Music » CD Reviews

Bright Eyes

I'm Wide Awake, It's Morning/Digital Ash in a Digital Urn (Saddle Creek)


There's a famous line uttered by Ethan Hawke's character in Reality Bites: "The only thing you have to be by the age of 23 is yourself." Winona Ryder's character Lelaina dutifully retorts, "Yeah, well, I'm not sure who that is anymore."

The musical equivalent of this dichotomy between self-assurance and insecurity just might be Bright Eyes. The Omaha group existed as an underground outlet for 24-year-old Conor Oberst's precocious musings until 2002's Lifted or the Story Is in the Soil Keep Your Ear to the Ground.

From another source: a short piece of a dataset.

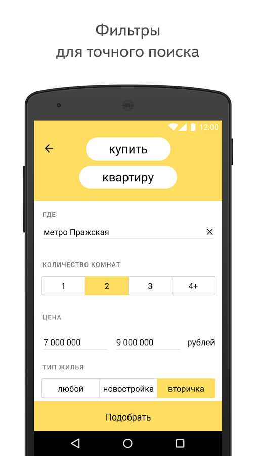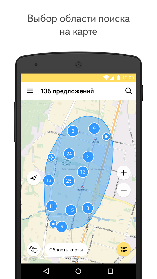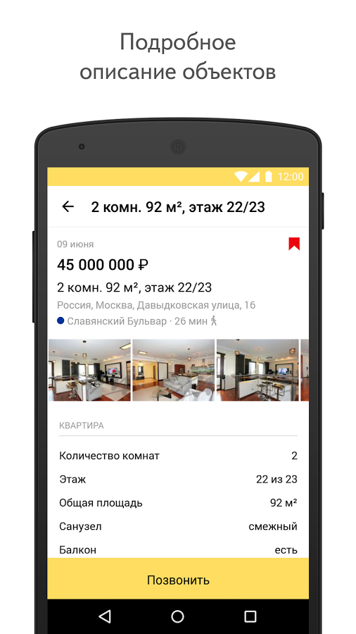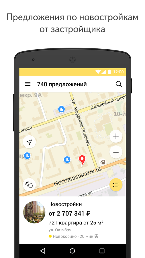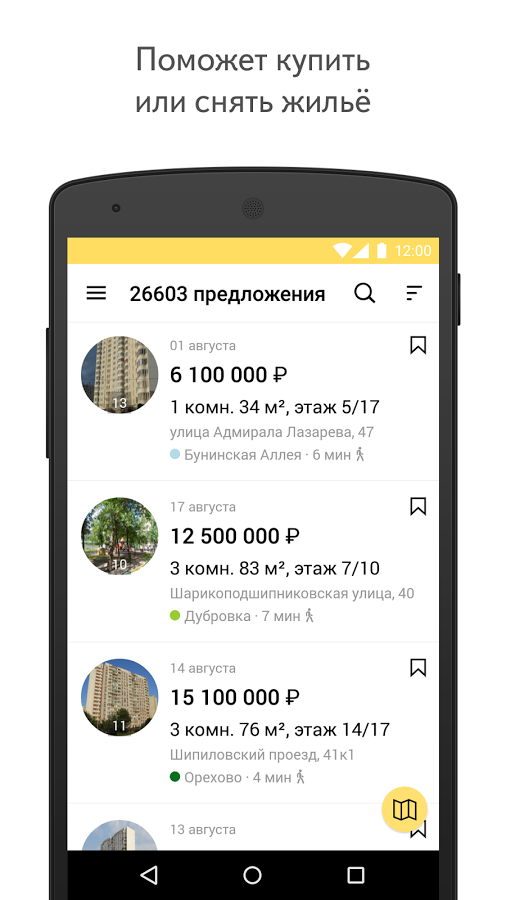 Купить или снять жильё поможет Яндекс.Недвижимость. В приложении более 1 000 000 объявлений от агентов и собственников: комнаты, квартиры, дома и участки по всей России. Укажите подходящие параметры и выбирайте объявления из списка или на карте города. Позвонить насчёт заинтересовавшего предложения можно прямо из приложения, не выписывая телефоны на листочек.

A sprawling album brimming with jovially orchestrated campfire tunes, it sent Oberst rocketing into the world of New York Times profiles, saddled with the tag of being the MySpace generation's Dylan.

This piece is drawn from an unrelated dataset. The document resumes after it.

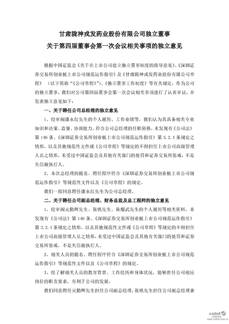 獨立董事關(guān)于第四屆董事會第一次會議相關(guān)事項的獨立意見

Based on its title, it would be an obvious conceit that Morning -- the first (and better) of two separate albums Bright Eyes is releasing -- represents a new beginning for Oberst's songwriting. But if anything, Morning is a retreat from the mythology created by the precious metaphors and overstuffed songs of Lifted -- i.e. , Oberst finding solace in the familiarity and simplicity that made his early recordings so searing.

This translates into an affecting album rooted in folksy alt-country. While no less lush in spots than Lifted -- courtesy of trumpets, keyboards, and big group sing-alongs -- Morning feels more intimate and less crowded. Sedate pedal steel and mandolin bend around acoustic guitar here and there, and Emmylou Harris adds her majestic twang to three songs, including the Gillian Welchlike "Land Locked Blues."

Ash, in contrast, mixes guitar strums with dizzy new wave, colored by melodramatic strings, computerized splotches, and programmed bloops. On the New Order-style character sketch "Light Pollution," this charming electronic bustle works; the stuttering-beat ramble "Arc of Time," however, is interminable.

The immediacy and personal connection afforded by Morning's warm instrumentation are lacking on Ash -- due not only to weaker songs, but in the way Oberst allows sonics to undermine the strength of his thoughts. Even when trying to reconcile swagger with uncertainty -- as when he shyly offers such lines as "I mean, I really think you like me" -- there is real power in the way he's confident enough to acknowledge and embrace his "Aw, shucks" vulnerability.